### SUPPLIED RECORDS
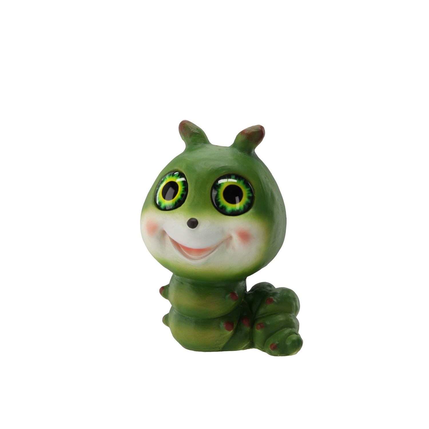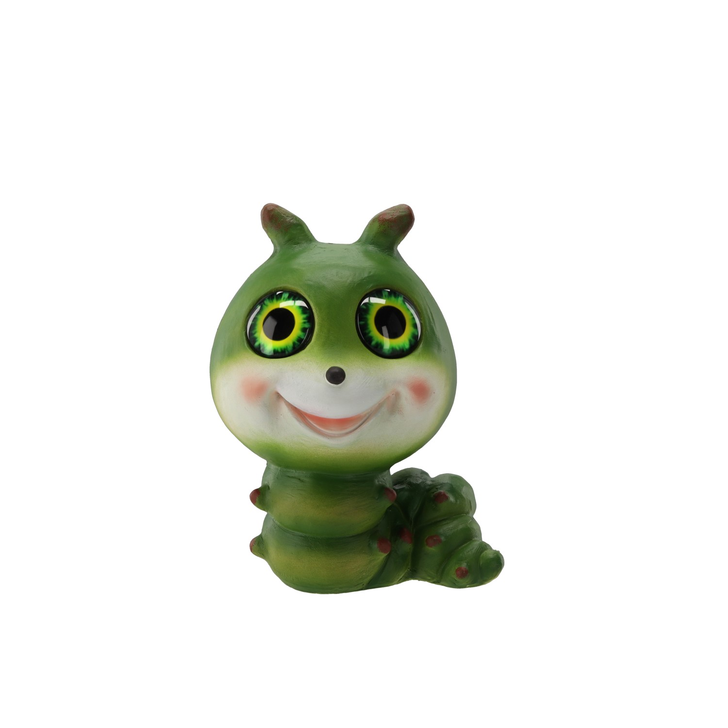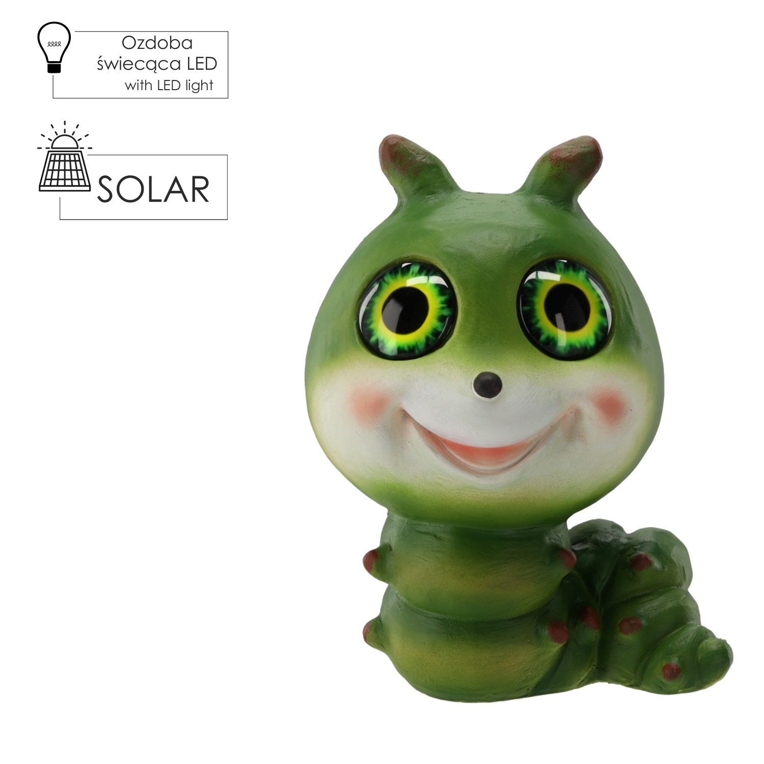 Садова фігурка «Гусениця» з сонячним LED-підсвічуваннямДекоративна фігурка гусениці з двома світлодіодами теплого білого кольору, розміщеними в очах. Живиться від сонячної енергії (акумулятор 1,2 В NiMH 300 мА·год). Виготовлена з міцного композиту магнію та скловолокна (MGO), стійкого до атмосферних умов.Розміри: 20,5 × 17 × 27 см
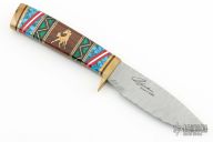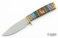 Beautiful fixed blade customized by David Yellowhorse. "Knapped" blade with brass guard and pommel. Brass "Cuthair Yellowhorse" inlay in ironwood. Spacers of turquoise, brass, black, pearl and red. Comes in original wooden display box with engraved plaque and original papers. Excellent condition. S/N 0303
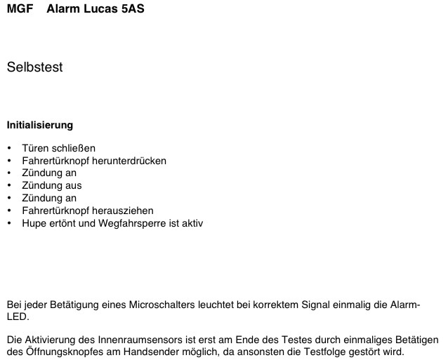 Ich kann das momentan nur bei meinem TF gegenchecken (Pektron-Elektronik), aber an sich sollte das ähnlich sein. Wenn du abschließt, müsste die Hupe einmal kurz tönen. Das Problem ist, dass du nicht weißt, ob es das Fahrer- oder das Beifahrerschloss ist, denn einen Türkontakt haben beide. Letztlich bleibt nur, beide Türpappen zu entfernen und jeweils ein Schloss abzustecken. Da wo das Licht aus bleibt ist der Defekt.
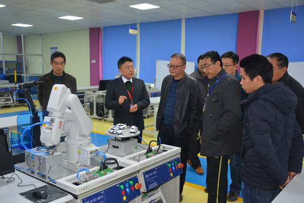 李局长一行深入校园实地查看了校园环境,重点检查了工业机器人等实训基地。随后,在图文信息中心七楼会议室听取了杨益民校长关于学校开学工作情况及2017年重点工作的汇报。杨校长在汇报中表示,我校按照市教育局的统一部署,如期开学,有条不紊。2017年,我校坚持立德树人、坚持内涵发展,加强师资队伍建设,打造特色系部,实现校园文化高端定位,积极谋求中德合作办学,在高技能人才培养模式上寻求突破,为铜陵区域经济发展做出新的贡献。
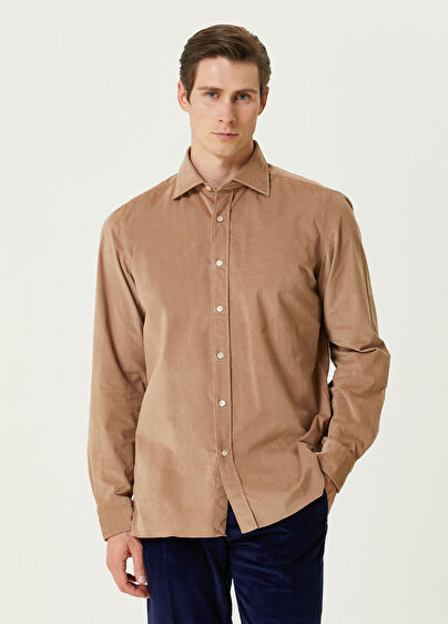 Klasik yaka, düğme kapatmalı, kadife gömlek

### INSTRUCTIONS TO FOLLOW
Leave the pictures aside and give every entry above again word for word.

### RESPONSE FOR THIS EXERCISE
 Садова фігурка «Гусениця» з сонячним LED-підсвічуваннямДекоративна фігурка гусениці з двома світлодіодами теплого білого кольору, розміщеними в очах. Живиться від сонячної енергії (акумулятор 1,2 В NiMH 300 мА·год). Виготовлена з міцного композиту магнію та скловолокна (MGO), стійкого до атмосферних умов.Розміри: 20,5 × 17 × 27 см
 Beautiful fixed blade customized by David Yellowhorse. "Knapped" blade with brass guard and pommel. Brass "Cuthair Yellowhorse" inlay in ironwood. Spacers of turquoise, brass, black, pearl and red. Comes in original wooden display box with engraved plaque and original papers. Excellent condition. S/N 0303
 Ich kann das momentan nur bei meinem TF gegenchecken (Pektron-Elektronik), aber an sich sollte das ähnlich sein. Wenn du abschließt, müsste die Hupe einmal kurz tönen. Das Problem ist, dass du nicht weißt, ob es das Fahrer- oder das Beifahrerschloss ist, denn einen Türkontakt haben beide. Letztlich bleibt nur, beide Türpappen zu entfernen und jeweils ein Schloss abzustecken. Da wo das Licht aus bleibt ist der Defekt.
 李局长一行深入校园实地查看了校园环境,重点检查了工业机器人等实训基地。随后,在图文信息中心七楼会议室听取了杨益民校长关于学校开学工作情况及2017年重点工作的汇报。杨校长在汇报中表示,我校按照市教育局的统一部署,如期开学,有条不紊。2017年,我校坚持立德树人、坚持内涵发展,加强师资队伍建设,打造特色系部,实现校园文化高端定位,积极谋求中德合作办学,在高技能人才培养模式上寻求突破,为铜陵区域经济发展做出新的贡献。
 Klasik yaka, düğme kapatmalı, kadife gömlek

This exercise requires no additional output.